We present a randomized algorithm that on input a symmetric, weakly diagonally dominant $n$-by-$n$ matrix $A$ with $m$ nonzero entries and an $n$-vector $b$ produces an ${\tilde{x}} $ such that âŠ
We present a randomized algorithm that on input a symmetric, weakly diagonally dominant $n$-by-$n$ matrix $A$ with $m$ nonzero entries and an $n$-vector $b$ produces an ${\tilde{x}} $ such that $\|{\tilde{x}} - A^{\dagger} {b} \|_{A} \leq \epsilon \|A^{\dagger} {b}\|_{A}$ in expected time $O (m \log^{c}n \log (1/\epsilon))$ for some constant $c$. By applying this algorithm inside the inverse power method, we compute approximate Fiedler vectors in a similar amount of time.
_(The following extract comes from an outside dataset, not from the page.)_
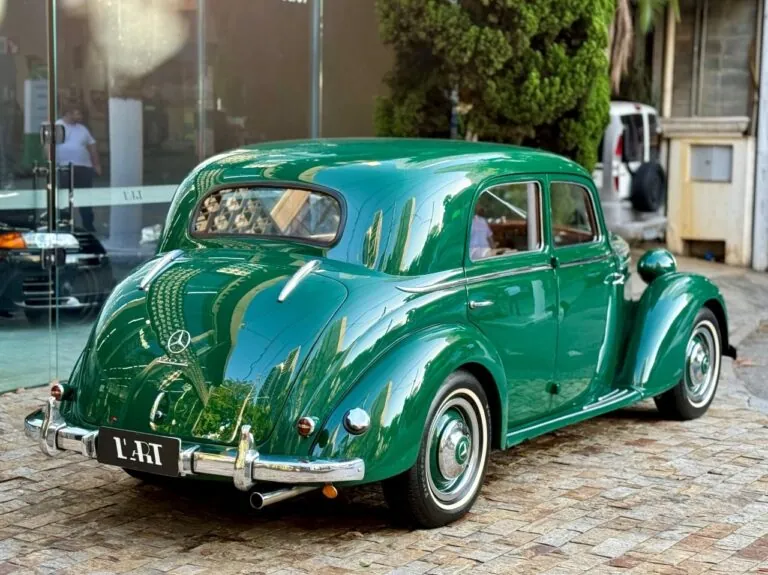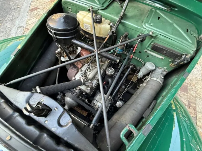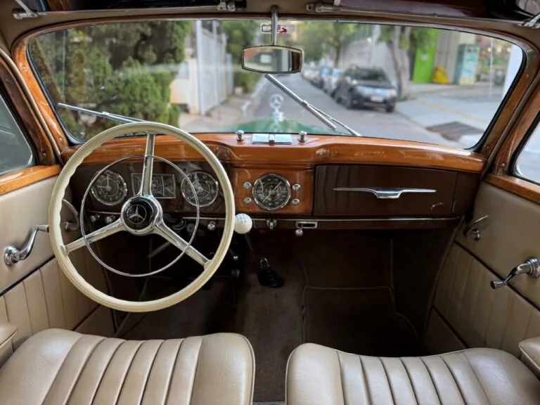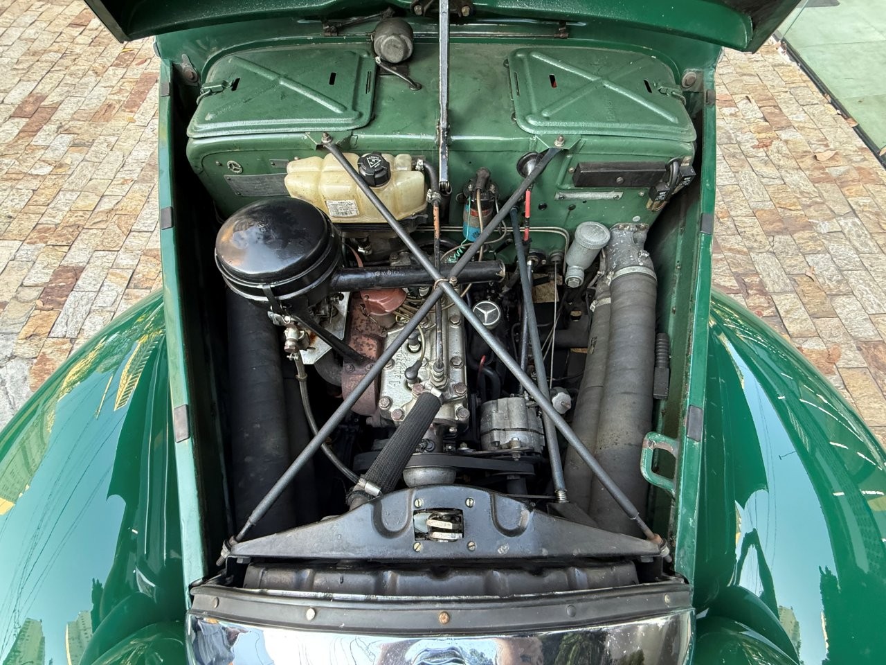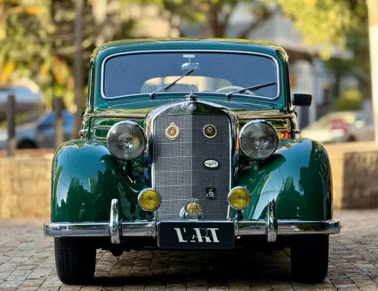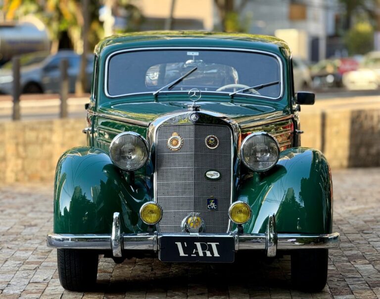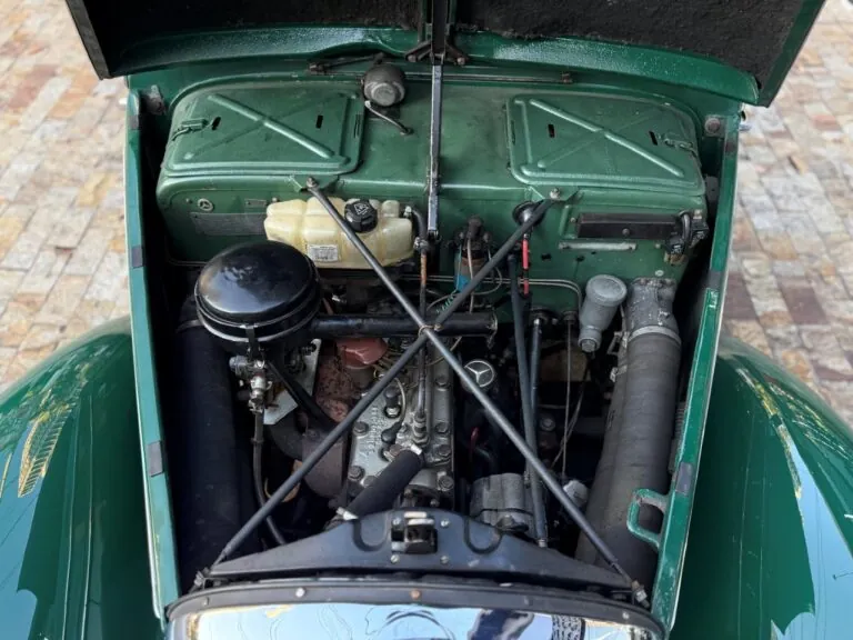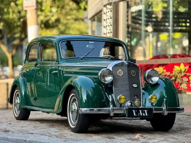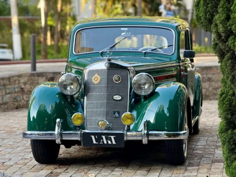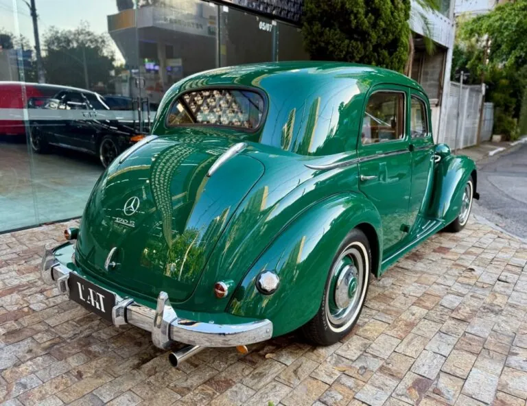 As Mercedes da década de 50 são simplesmente lindas… Motor 4 cilindros em linha de 1.8 litros e 52 HP com velocidade máxima de 122 Km/h. Câmbio mecânico de 4 velocidades e tração traseira. As suspensões dianteira e traseira usam molas helicoidais com barra estabilizadora. Considerado na sua época um carro para diretores de empresa dado a sua elegância e praticidade. Essa Mercedes 170 S está em ótimo estado geral.

The algorithm applies subgraph preconditioners in a recursive fashion. These preconditioners improve upon the subgraph preconditioners first introduced by Vaidya in 1990. For any symmetric, weakly diagonally dominant matrix $A$ with nonpositive off-diagonal entries and $k \geq 1$, we construct in time $O (m \log^{c} n)$ a preconditioner $B$ of $A$ with at most $2 (n - 1) + O ((m/k) \log^{39} n)$ nonzero off-diagonal entries such that the finite generalized condition number $\kappa_{f} (A,B)$ is at most $k$, for some other constant $c$. In the special case when the nonzero structure of the matrix is planar the corresponding linear system solver runs in expected time $O (n \log^{2} n + n \log n \ \log \log n \ \log (1/\epsilon))$. We hope that our introduction of algorithms of low asymptotic complexity will lead to the development of algorithms that are also fast in practice.